For the late Breonna Taylor, a sea of peacefulness and the September cover of Vanity Fair

In an interview a couple of years ago with the excellent arts and culture website Hyperallergic the painter Amy Sherald described her portraiture as having “a lot of subversive messages … diplomatically presenting a corrective narrative.” She also said it was not “in your face,” which would be well-nigh impossible given the heavy freight of a subject like Breonna Taylor, whom Sherald painted for the September cover of Vanity Fair. And yet there Taylor is, free-floating on a plane above the outrage that attends her death at the hands of Louisville police officers, a transcendent figure of peaceful innocence in a flowing gown against a cool backdrop of pastel blue.

The September issue of Vanity Fair, on newsstands Sept. 1.
The September issue of Vanity Fair, on newsstands Sept. 1.Vanity Fair

Taylor’s death is well-documented: The 26-year old emergency medical technician was shot and killed in her apartment in the early-morning hours of March 13 by a trio of police officers looking for someone else entirely. Her death, like George Floyd’s, has fueled a torrent of protest nationwide demanding change to a law enforcement system that too often assumes the role of death squad — judge, jury, and executioner — when it comes to people of color. Sherald, best known for her official portrait of former first lady Michelle Obama in 2018, knows the force of those stories, their power to produce justifiable rage. Her work doesn’t elide them so much as transcend them.

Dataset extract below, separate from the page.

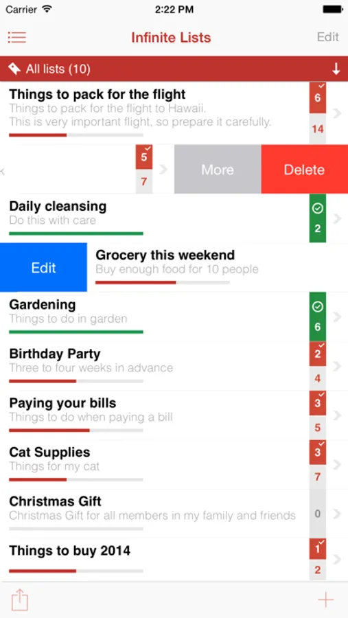 Infinite List is a powerful, intuitive and flexible multi-level checklist app used to organize your daily tasks/todo lists. With Infinite List, you are able to comfortably organize your list whatever ways you want it to be. Especially Infinite List have many features which you cannot find anywhere else like Copy, Move, Filter, Duplicate, Grouping, Sharing, E-mail, Text Message, and so on. Now, organizing your multi-level lists have never been easier.

Sherald’s paintings have always been both peaceful and frank, concerned with Black figures facing the viewer against a quiet monochromatic backdrop. Subtly, she demands her subjects be seen as people, free from mucky layers of social and historical context. This on its own is a radical act — her “subversive message” and “corrective narrative.” Giving Taylor the same treatment, beyond the grave, is even more powerful than usual — bestowing dignity, beauty, and above all peace to a figure increasingly at the eye of the country’s storm. The portrait detaches from the outrage over Taylor’s death; it separates the person from the symbol. It’s both an elegy and a challenge. With it, Sherald sets Taylor free, and crafts a new symbol: not of outrage, but of hope, replacing the ugliness of the moment with the beauty we should all be striving for.